Quick Start Workout Programs
These quick start workout program pages are practical setup guides for Re:Do. They are meant for the moment when you already know the kind of training you want, but need a clean way to turn it into workouts, schedules, guided sessions, and a training record.
Plan your own training in Re:Do Workouts.
Create the workout in your own words, run it step by step with timers and notes, schedule it when it fits, and log what actually happened.
There are two kinds of quick start programs here. Some ship with Re:Do as starter packs. Others are community-inspired Re:Do packs based on public routine sources; those are not approved by the communities or original authors, so the linked source stays the authority for exact rules and updates.
Included with Re:Do
Community-inspired installable packs
These packs translate public community routines into Re:Do workout JSON so you can import them if Re:Do is installed. They are inspired by the source communities, not approved by them.
Program features
How to use these pages
Start by choosing the page that matches your training style. Create the workouts in Re:Do, keep the names plain, and schedule only what you can repeat. If a routine has multiple days, make each day its own workout. If it has levels, keep the easy, hard, and extreme versions separate so you can switch without editing the original.
Re:Do works best when the program is specific enough to start quickly and loose enough to survive real life. The app can guide each session, show timers and reps, record what happened, and let you adjust tomorrow without rewriting the whole plan.

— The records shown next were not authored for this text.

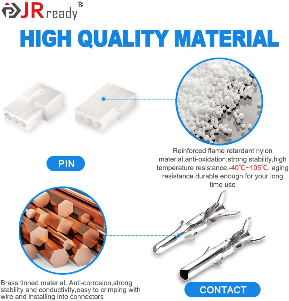 【تصميم موصل الإسكان JRready】 يستخدم الغلاف تصميمًا سهل التركيب، ولا يرتخي الإبزيم أو يسقط، وسهل الفك والتركيب ويدعم التجميع المجاني للموصلات وأطراف مقبس الدبوس. تصميم مختلف الشكل لطرفي المقبس يتجنب سوء المطابقة أثناء عملية التجميع.
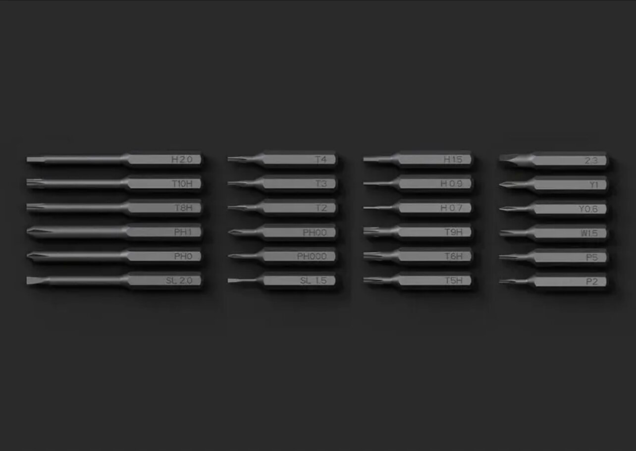 25 элементов включают все распространённые типы шлицев для работы с электроникой, мебелью и бытовой техникой. В набор входят:
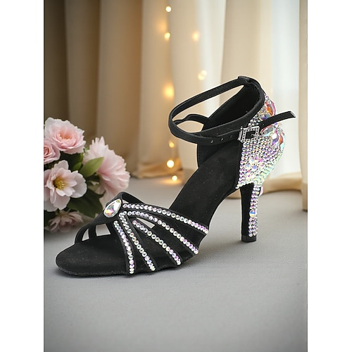 tacchi da ballo da sala con strass da donna – scarpe da salsa latina con cinturino e suola in pelle scamosciata, perfette per spettacoli e balli competitivi
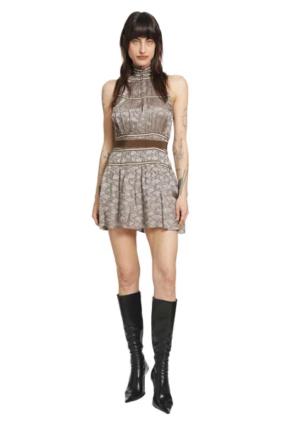 The Freya Dress reflects Charlotte Knwls' commitment to intricate craftsmanship and subtle, considered detailing. Its smocked collar, ruched construction, and signature grosgrain ribbon exemplify the brand's ability to blend refined femininity with modern, wearable elegance.brownfloral viscose jacquardsmocked collarruchedhook-and-eye closuresleevelessgrosgrain waist ribbon
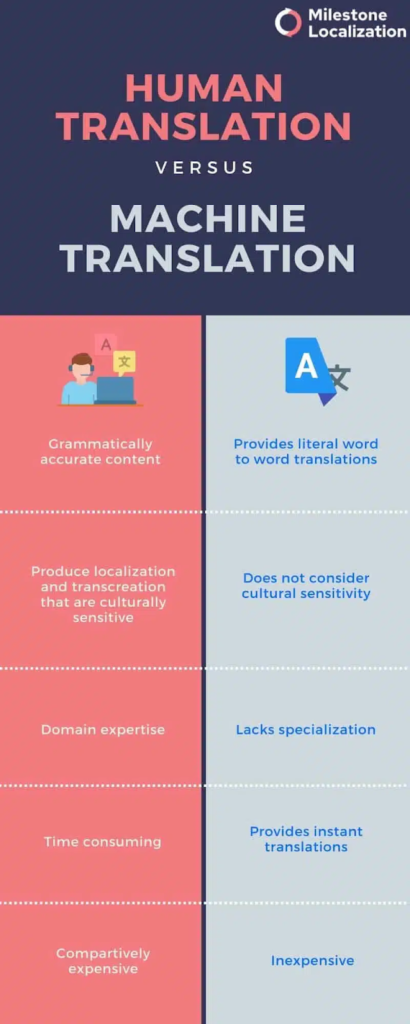 Also, a machine cannot be programmed to the extent that it can naturally come out with an emotionally engaging translation that appeals to the target audience by itself when attempting an advertising or marketing content translation. Simply put, a machine is not equipped to completely deliver content that is ready to be published, and a human translator is required to do the requisite updates and reviews.
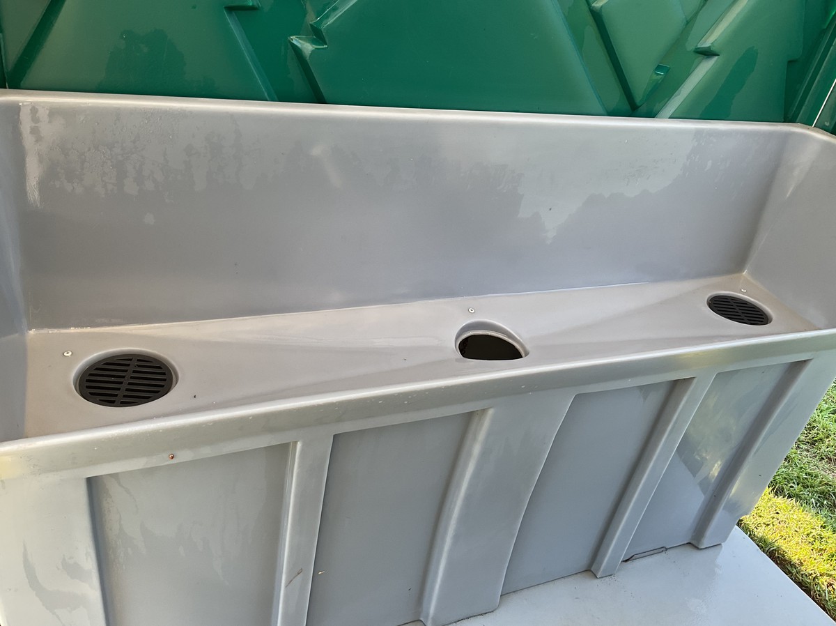 A PolyJohn open ended 6 man urinal in dark green.All in good working order.

What makes a quick start program work
A good quick start program is not just a list of exercises. It has a small number of decisions that are already made: what the session is called, which exercises come first, whether each step uses reps or time, and when the session should appear again. That is why these pages focus on setup. The fewer choices you need to make at training time, the more likely the workout is to happen.

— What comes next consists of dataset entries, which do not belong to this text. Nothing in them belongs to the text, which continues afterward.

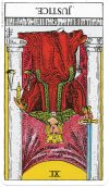 「偏見(へんけん)、公私混同(こうしこんどう)を表す「正義の逆位置」が今週のあなたのカードです。あなたと縁の深い火星は冥王星(めいおうせい)の影響を受け、上弦の月になる14日と17日には、身体(からだ)を酷使(こくし)しがちです。モラルに従(したが)うと良い時期です。バランス感覚(かんかく)を培(つちか)うことで、更に運気はアップします。」秘数9の人(9日、18日、27日生まれ)
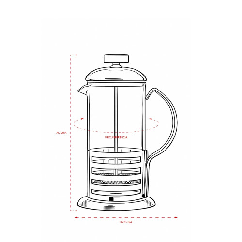 Descrição: Cafeteira tipo prensa francesa com capacidade para até 350ml. Feita em vidro com detalhes e alça em inox, além de tampa com êmbolo e tela em inox.
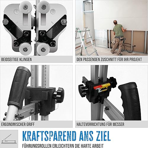 Güde Gipskarton-Plattenschneider GGKS (max. Schnittstärke: 12,5 mm, max. Schnitttiefe: 20-625 mm, Nettogewicht: 3,3 kg, inkl. 10 Ersatzmesser und 2 Standfüße als Halterung für Gipsplatten)

For bodyweight, gym, martial arts, yoga, and rehabilitation-style movement, the Re:Do starter packs give you a concrete base to copy. For community routines, the useful move is to translate the routine into stable Re:Do workouts while leaving the original routine source responsible for exact programming rules. That keeps the app role clear: Re:Do is the place where you run, schedule, and log the plan.
Simple setup rules
- Use one workout per training day, level, or routine variant.
- Keep exercise names short enough to read during the session.
- Use timers for holds, rounds, conditioning, mobility, and practice blocks.
- Use reps for strength movements where the target is counted cleanly.
- Schedule conservatively first, then add frequency after the routine survives a few weeks.
- Let the training log show what changed instead of relying on memory.
FAQ
Are these official versions of Reddit routines?
No. They are Re:Do setup guides. Use the original routine source for official instructions, then use Re:Do to organize and track your version.
Can I change exercises?
Yes. Re:Do supports custom exercise names, reps, timers, and schedules, so substitutions are easy to keep readable.
Should beginners start with the easiest page?
Usually, yes. Start with a plan you can repeat, then increase volume or difficulty only when your sessions feel controlled.